One of them is the pleasure of spending two hours in the company of Washington, who is indeed Denzel's son, and who's so reminiscent of his father in look, voice, and easy charisma that it's almost like time-traveling to the early-1990s' Denzel/Spike heyday of Mo' Better Blues and Malcolm X. Washington plays Ron Stallworth, the first black officer recruited into the Colorado Springs police force who, in 1979, landed upon a want ad seeking members for the town's burgeoning chapter of the Ku Klux Klan. With hopes of becoming an undercover officer and, in the process, ruining the Klan's plans for expansion, Stallworth called the number in the ad and, adopting a “white” dialect, connected with the group's leader (Ryan Eggold's Walter), with the two men making immediate plans to meet in person. There were, however, a few hitches. One was Stallworth's actual race, an inconvenience handled by the recruitment of white partner Flip Zimmerman (the astounding Adam Driver) to portray Stallworth in person. Another, less foreseen hitch was that Stallworth absentmindedly provided Walter with his actual name, meaning that if the plan went south, there was no alias to prevent pissed-off Klansmen from hunting for the very real Ron Stallworth. And to further complicate matters, Zimmerman was, unbeknownst to Stallworth, Jewish, making his “friendly” in-person dealings with torch-wielding, cross-burning Klansmen all the more fraught.
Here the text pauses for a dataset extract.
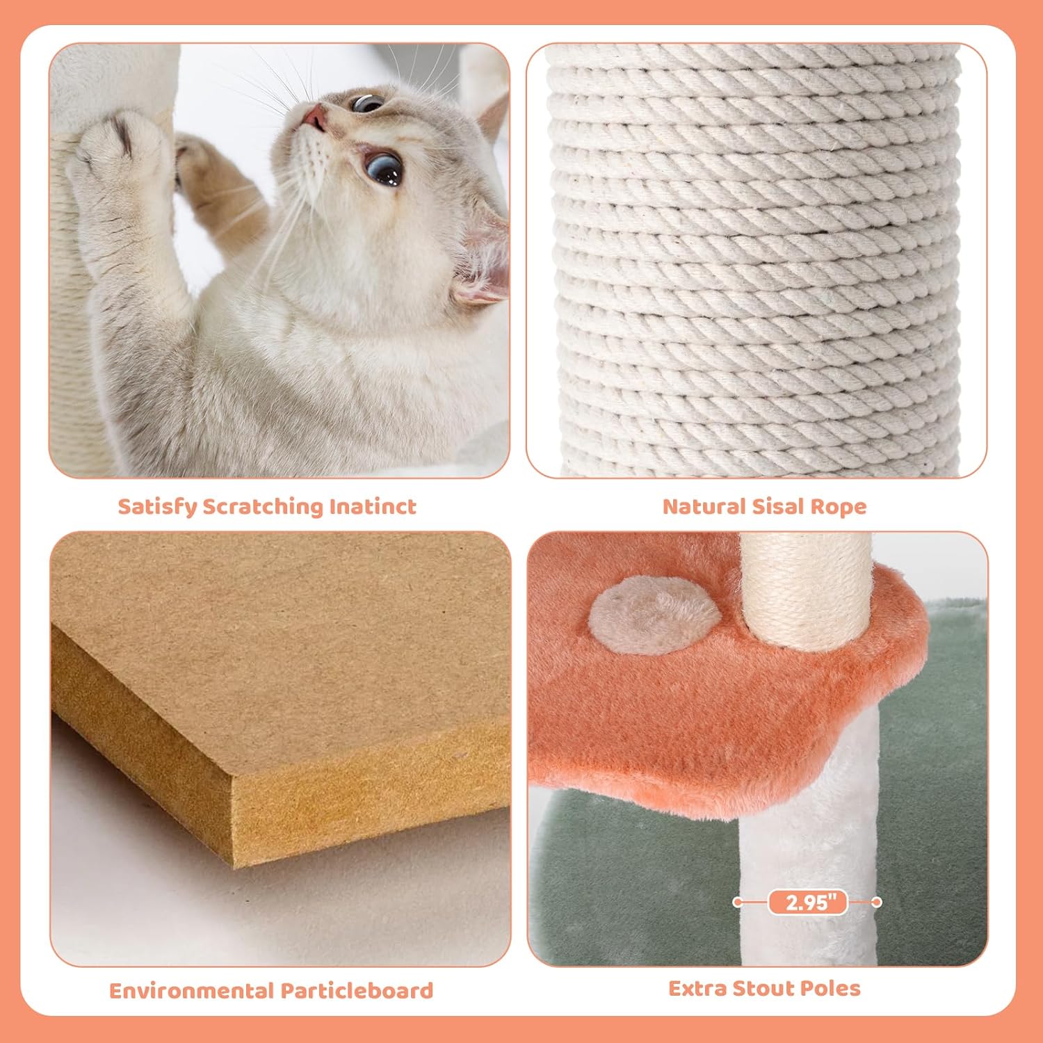 - Premium Materials:Made with CARB-certified P2 particleboard and 400g soft plush for comfort. Features 9-core 6mm sisal scratching posts, more durable than regular sisal, to satisfy your cat's scratching instincts and protect your furniture.

BlacKkKlansmen subsequently explores how Stallworth and Zimmerman cozied up to the Klan in order to (locally) eradicate it, with both men eventually having face to face encounters with national director David Duke (a pitch-perfect Topher Grace), and on the evening I saw the film, I could all but feel patrons' delight and relief in realizing how many of these scenes were designed to be funny. (The script, based on Stallworth's 2014 book, is by Lee, Charlie Wachtel, David Rabinowitz, and Kevin Willmott.) Lee's latest already had its share of hilarious bits prior to Stallworth's fateful phone call; a spectacularly blustery Alec Baldwin portrayed a white nationalist giving a terrible audition for a KKK recruitment film, and when Stallworth revealed his naīveté about institutional racism to his future employer, the official responded with a riotously unfinished expletive that brought the house down. (As he proved in 25th Hour, no can can turn “shit” into a five-syllable marathon quite like Isiah Whitlock Jr.)
But there's so much comic incredulity built into the Klan infiltration, and so much comic tension in waiting to see if and how the cops will pull it off, that laughter quickly becomes an indispensable, and appropriate, go-to response. Whether the frighteningly feral Klan member Felix (Jasper Pääkkönen), suspecting that Zimmerman's “Stallworth” is a Jew is disguise, is hooking the officer up to a lie detector or Stallworth himself is goading Duke on the phone – with one of those instances resulting in a priceless spit take by Ken Garito's Sergeant Trapp – Lee finds and delivers the funny whenever he can. Given that he's also, frequently, an experienced and wildly gifted genre filmmaker, Lee delivers the excitement, too, with the race-the-clock finale an example of brilliantly sustained tension and cannily edited images that's sharper and smarter than the ones in nearly any big-budget superhero flick you could name.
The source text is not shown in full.